Constance s'éveilla pour la troisième fois aujourd'hui en se sentant un peu mieux que les deux dernières fois, ce qui n'était pas une indication en soi. Sachant qu'à la première, elle s'était de nouveau évanouie, et qu'à la deuxième elle avait vomi de la bile comme un survivant vomissait son repas.

Mais cette fois-ci, les potions faisaient leur office, et si elle ne savait pas si il était bien recommandé d'en boire autant à la suite, elle ne pouvait qu'être reconnaissante de leur efficacité. Avec un peu de difficulté, la chef des Aurors parvint néanmoins à se redresser sur son coude droit ; pour être aussitôt rattrapée par une main dans son dos lorsqu'elle se sentit repartir en arrière.

« Doucement, maintenant. », la gronda Millie à voix basse, avant de la guider lentement vers les oreillers.

En temps normal, Constance aurait aboyé qu'elle n'avait pas besoin d'aide. Mais ceci n'était pas un temps normal et elle avait besoin d'aide. Plus précisément, elle avait besoin d'un bras gauche.

Constance choisit de ne pas considérer cette information maintenant.

« Je me débrouille mieux, grogna-t-elle. Je n'ai pas eu de nausée et je peux serrer le poing.

- Waouh. », répondit son amie sans grand enthousiasme.
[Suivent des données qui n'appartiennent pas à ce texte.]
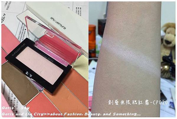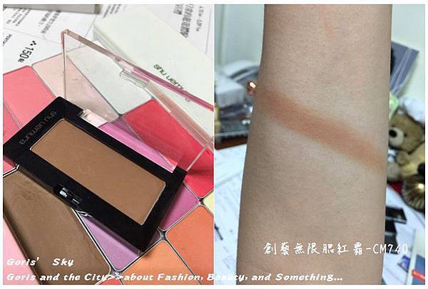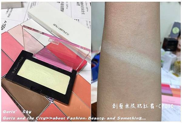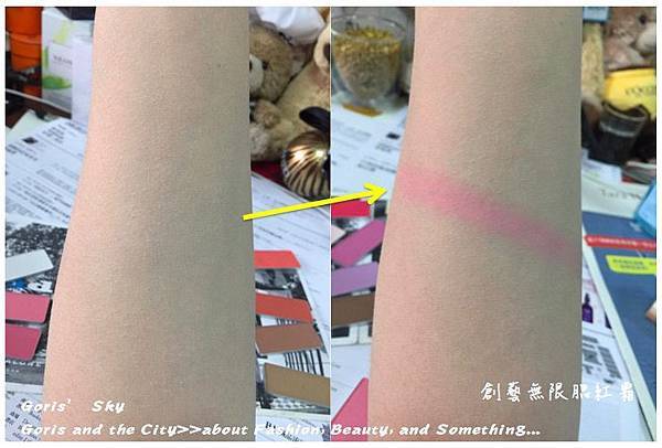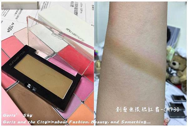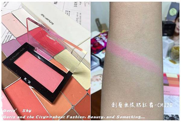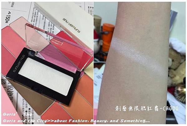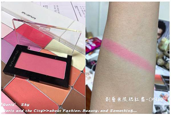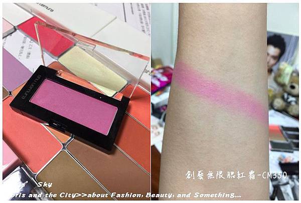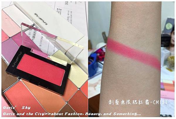 左邊的手臂是我先推滿一般的粉餅,看就會很粉,同時比較粉霧感,因為我的目的是要實驗是否能夠讓這植村秀的創藝無限腮紅霜在粉餅這樣的乾粉粉體後使用,也也能自然不結塊,但在粉餅後,我去試色植村秀的創藝無限腮紅霜,還是很滑順,同時也是很自然發色,不會結塊,顏色還是很透的很自然,其實單是這樣的技術,就在這樣一個平凡的小小腮紅霜中,可見一斑,我覺得這要你自己去試了才準,因為通常霜狀、液狀的腮紅,絕對是要粉底液後、粉餅前使用,不然就是容易結塊,不好看,但如果你習慣用粉餅,甚至是蜜粉紅才上想刷腮紅,倒是這植村秀的創藝無限腮紅霜是成立的,所以你在櫃上試的時候,當然粉底液後用是ok的,你可以特別嘗試一下,粉餅後再刷這植村秀的創藝無限腮紅霜,就會比較知道有沒有。

Constance souffla par le nez tout en se laissant tomber avec plaisir dans le lit. Depuis ses réveils successifs, Millie avait à peine esquissé un regard vers elle, et encore moins dit un mot.
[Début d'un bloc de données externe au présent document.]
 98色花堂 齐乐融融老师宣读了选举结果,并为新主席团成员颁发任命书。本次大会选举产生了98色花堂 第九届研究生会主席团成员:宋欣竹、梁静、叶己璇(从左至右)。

« Bon, fit la cheffe (?) des Aurors dans une tentative de briser le silence étouffant. Qu'est-ce qui se passe ? »

Elle n'était pas habituée au silence oppressant que Millie faisait régner. Normalement, il avait toujours été, du moins entre elles, confortable : il n'y avait nul besoin de se parler quand on se comprenait sans mot. Constance connaissait Millie depuis quinze ans. Peut-être même plus. Cela faisait depuis longtemps qu'elle avait cessé de compter les années.

Mais là, c'était comme si elles s'étaient rencontrées pour la première fois.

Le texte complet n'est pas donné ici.